In the US, commercial buildings use approximately 18 % of primary energy and 35 % of electricity at a cost of around $190 billion. Approximately 35-40 % of that energy is used for the operation of heating, ventilation, and air conditioning (HVAC) equipment. The HVAC industry is also facing a workforce shortage that makes it more difficult to keep up with demand for the maintenance and repair of HVAC systems. Artificial intelligence (AI) is being used to improve the operation of buildings, but challenges to widespread application exist. The challenges include the cost of implementation, a lack of trust, and the lack of building automation systems (BAS) in most commercial buildings in the US. While BAS exist in 60 % of commercial buildings over 4600 m2 (50,000 ft2), only 13 % of smaller commercial buildings have a BAS. The incorporation of AI to reduce operating costs and mitigate the impact of workforce shortages is, therefore, limited. The focus of this project is to demonstrate, develop, and evaluate advanced control approaches for applications in commercial buildings in the US. The results will be shared with the public via publications, software shared on GitHub, and publicly available datasets; laboratory facilities are also available for collaborative research.
Objective
Demonstrate the feasibility of practical AI control techniques for reducing the energy costs of operating HVAC systems in commercial buildings and create a research infrastructure, the Intelligent Building Agents Laboratory (IBAL) and Virtual Cybernetic Building Testbed (VCBT), suitable for ongoing demonstration, development, and evaluation of advanced AI technologies.
Technical Idea
NIST is investigating intelligent agents as a means to make more intelligent control decisions, automatically find and diagnose faults, and allow existing staff to do their jobs more effectively. Intelligent agents are an AI-based approach that can learn the performance and status of the systems and equipment they monitor and can communicate and collaborate with other agents to achieve a common goal, such as minimizing the cost of operations, maximizing occupant comfort, identifying and diagnosing problems, supporting grid flexibility, etc. Intelligent agents can be deployed in a distributed manner, which will decrease the computational requirements of the system. This work requires simulation and prototyping tools for rapid testing of AI approaches as well as a laboratory facility where promising approaches are tested.
Research Plan
The AI-Optimized Building Controls project has two primary components: 1) the development and evaluation of AI-based control algorithms for HVAC operations and 2) support for research efforts that require access to real HVAC systems or controllers.

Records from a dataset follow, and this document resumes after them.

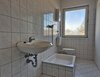 - Weiße Boden- und weiße Wandfliesen im Bad
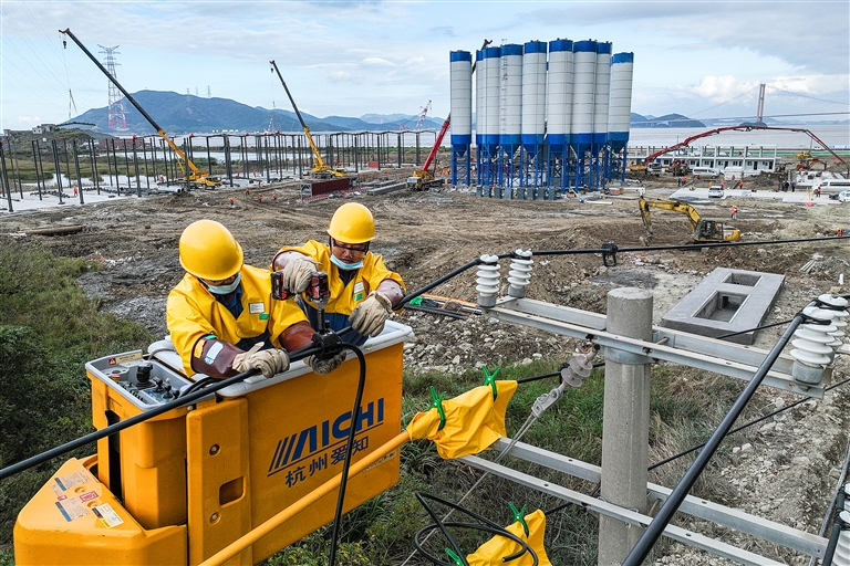 当天,技术人员在金塘岛开展了五处带电作业施工,在不影响岛内企业用电的情况下,开展搭火保电施工,为下阶段甬舟铁路建设提供坚实的用能保障。
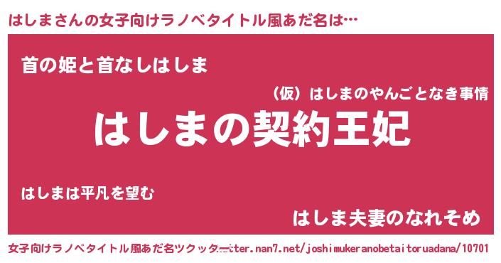 | 男性向けラノベタイトル風あだ名 | 『誰もが恐れるあのはしまが、ぼくの専属メイドになるようです。』 |
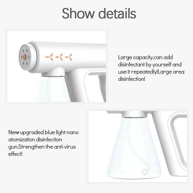 Беспроводной и портативный: Этот атомайзер легче и тише, чем другие крупные опрыскиватели. Головка медной пушки имеет высокую способность к скоплению давления, большую емкость для хранения, съемное сопло и встроенный фильтр для предотвращения засорения. Оснащен встроенной батареей, удобной для дезинфекции и эффективной вспомогательной функцией стерилизации. Стандартная конструкция температурного распыления безопаснее, чем высокотемпературное распыление!
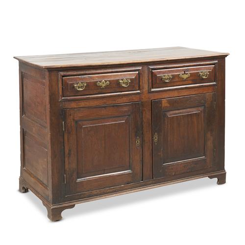 Rectangular, with a pair of frieze drawers above a pair of cupboard doors, on bracket feet, the drawer fronts, doors, and sides with fielded panels

The Intelligent Building Agent Simulation (IBASIM) program will be used to quickly test and revise new and existing control algorithms and examine their performance under different scenarios, all while comparing them to baseline controllers. IBASIM is a simulation platform that includes a validated and calibrated simulation of the IBAL and a virtual building model. One baseline gaining popularity in industry is ASHRAE Guideline 36, which defines high performance sequences of operation and therefore is an appropriate state-of-the-art baseline. As with all simulations, IBASIM does not capture all of the dynamic, transient, and stochastic behavior of real equipment, so the most promising algorithms will be tested in the IBAL to determine how well they perform in a real system.
Algorithms will be refined based on considerations including the cost of implementing an approach and the savings realized from operating the system more efficiently. In addition, the computational efficiency will be evaluated in order to understand what type of platform (workstation, edge computing, cloud computing, local controller, etc.) is required to run an algorithm.
The IBAL will be used to test algorithms that will enhance the reliability of HVAC systems and in support of the development of a semantic framework for the interoperability of building systems. It provides a flexible platform on which ideas can be tested under repeatable conditions before they are deployed in larger, more complex commercial buildings. Additional opportunities for collaborations that support American commerce continue to be explored.